▸ **Work instruction**:
Exactly the lines below starting at the line with "9:17 Uhr: wir" and ending at the line with "public class ModifyQuaternionDirectly" are wanted, with both ends included. Leave out the pictures and add no other lines.

▸ **Entries shown**:
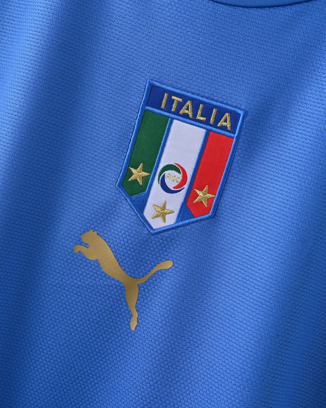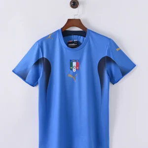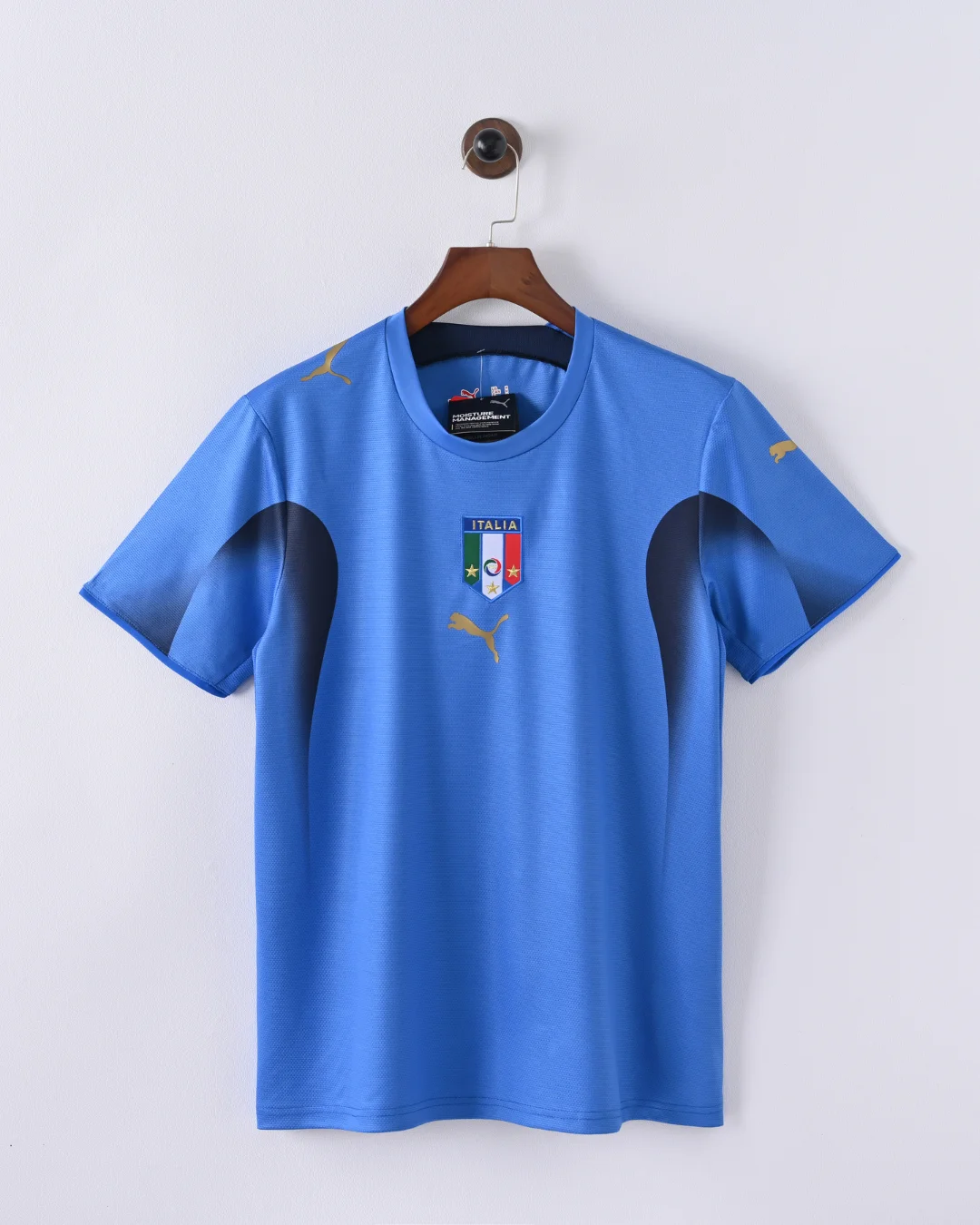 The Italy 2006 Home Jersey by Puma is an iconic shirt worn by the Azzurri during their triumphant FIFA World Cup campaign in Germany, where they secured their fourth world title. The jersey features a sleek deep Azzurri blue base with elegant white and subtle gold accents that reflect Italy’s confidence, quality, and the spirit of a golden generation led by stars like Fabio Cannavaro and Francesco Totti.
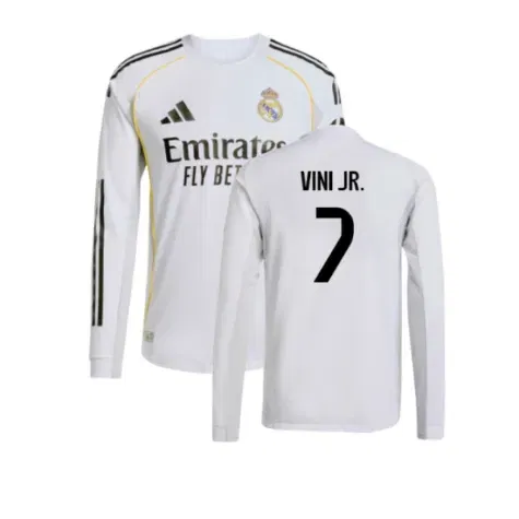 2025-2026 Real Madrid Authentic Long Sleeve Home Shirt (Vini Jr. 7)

---

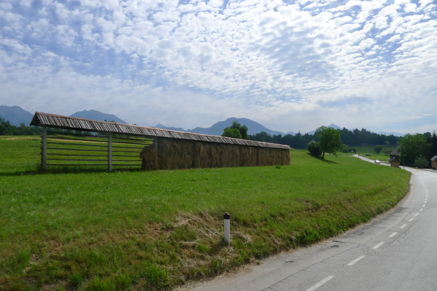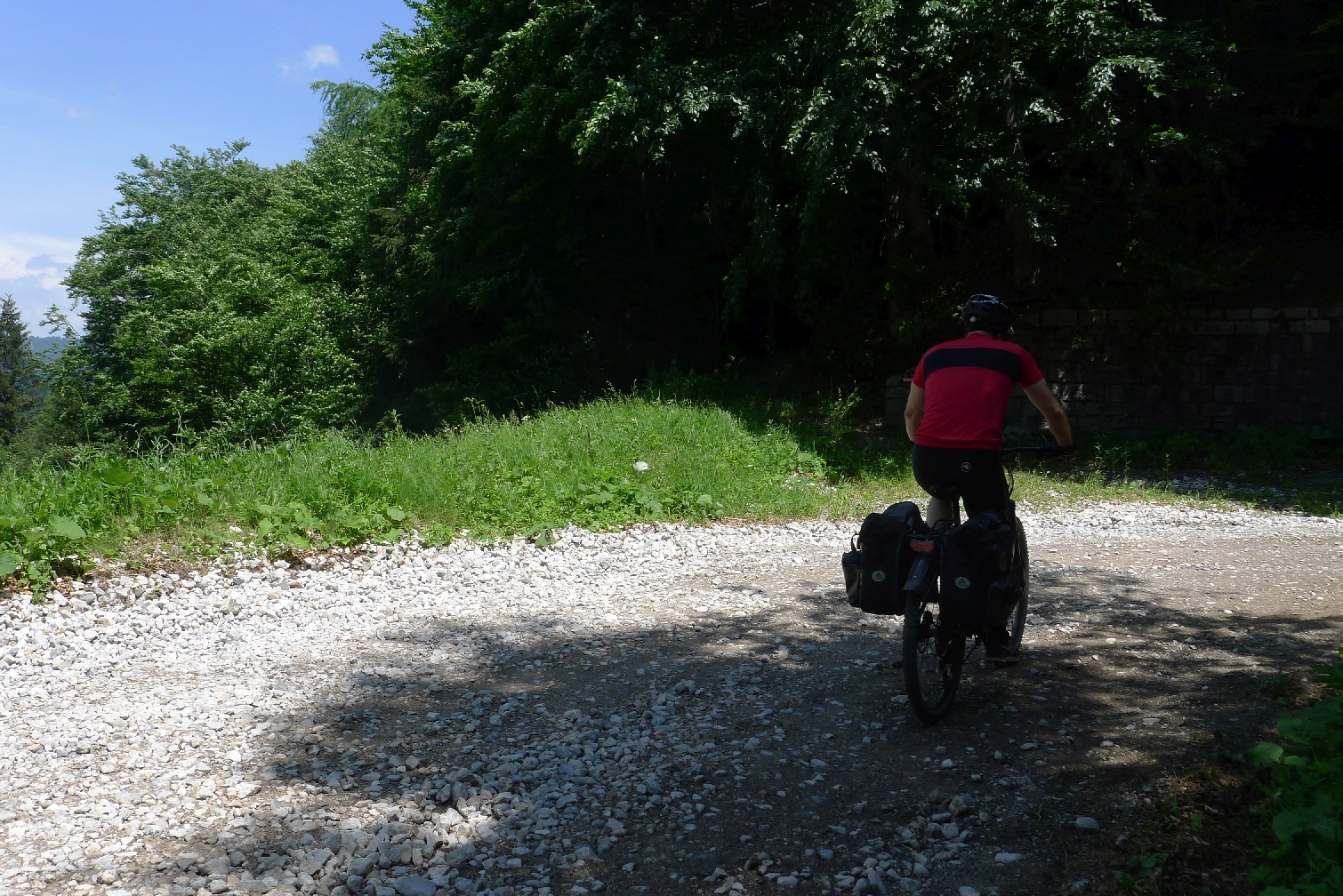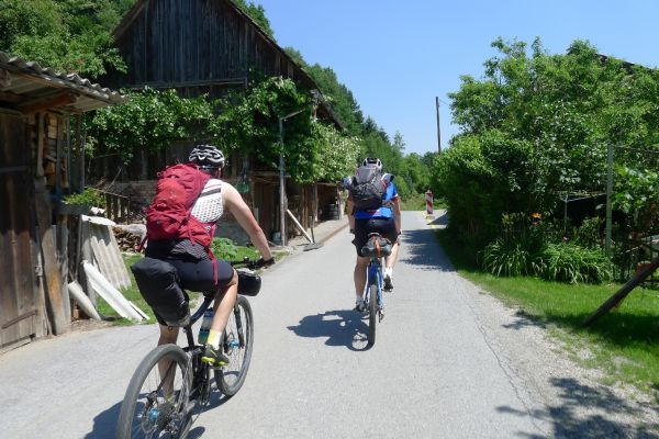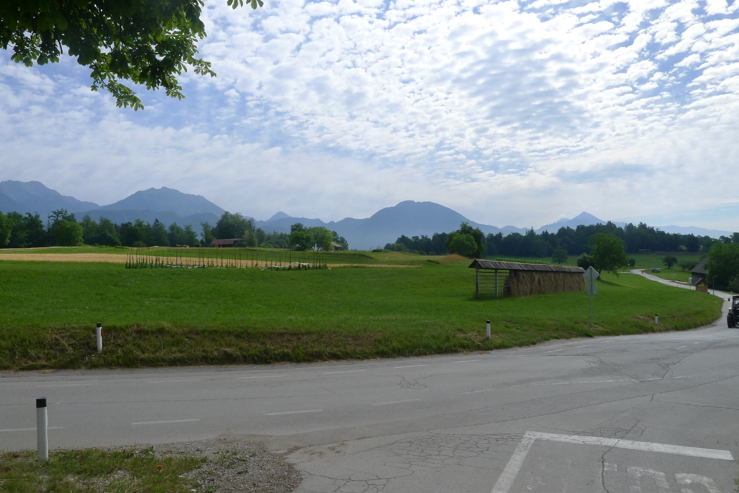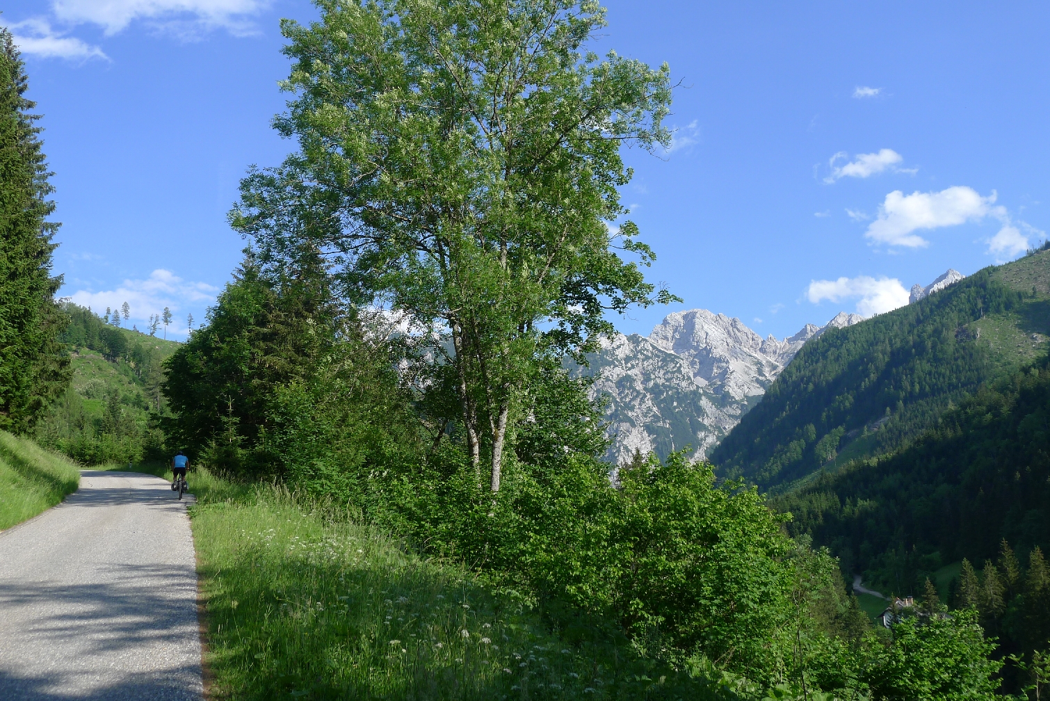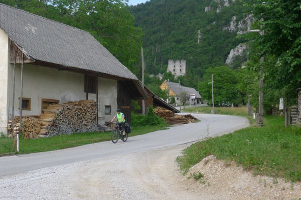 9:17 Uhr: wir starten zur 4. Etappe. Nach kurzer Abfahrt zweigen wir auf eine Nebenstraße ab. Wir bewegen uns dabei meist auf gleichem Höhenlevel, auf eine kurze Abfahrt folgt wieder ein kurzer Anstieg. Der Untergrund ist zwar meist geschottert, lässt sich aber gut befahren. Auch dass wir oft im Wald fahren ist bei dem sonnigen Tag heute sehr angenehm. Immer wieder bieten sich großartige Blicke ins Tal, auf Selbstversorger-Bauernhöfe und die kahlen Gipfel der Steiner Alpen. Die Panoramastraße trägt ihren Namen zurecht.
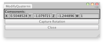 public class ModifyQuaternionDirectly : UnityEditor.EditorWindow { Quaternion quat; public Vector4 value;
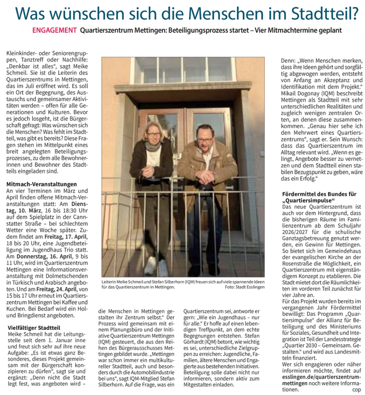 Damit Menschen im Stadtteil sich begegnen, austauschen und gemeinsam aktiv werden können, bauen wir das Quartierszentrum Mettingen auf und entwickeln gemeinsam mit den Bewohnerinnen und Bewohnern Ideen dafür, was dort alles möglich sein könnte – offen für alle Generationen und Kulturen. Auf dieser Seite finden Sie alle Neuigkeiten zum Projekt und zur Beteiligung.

▸ **Output for this exercise**:
 9:17 Uhr: wir starten zur 4. Etappe. Nach kurzer Abfahrt zweigen wir auf eine Nebenstraße ab. Wir bewegen uns dabei meist auf gleichem Höhenlevel, auf eine kurze Abfahrt folgt wieder ein kurzer Anstieg. Der Untergrund ist zwar meist geschottert, lässt sich aber gut befahren. Auch dass wir oft im Wald fahren ist bei dem sonnigen Tag heute sehr angenehm. Immer wieder bieten sich großartige Blicke ins Tal, auf Selbstversorger-Bauernhöfe und die kahlen Gipfel der Steiner Alpen. Die Panoramastraße trägt ihren Namen zurecht.
 public class ModifyQuaternionDirectly : UnityEditor.EditorWindow { Quaternion quat; public Vector4 value;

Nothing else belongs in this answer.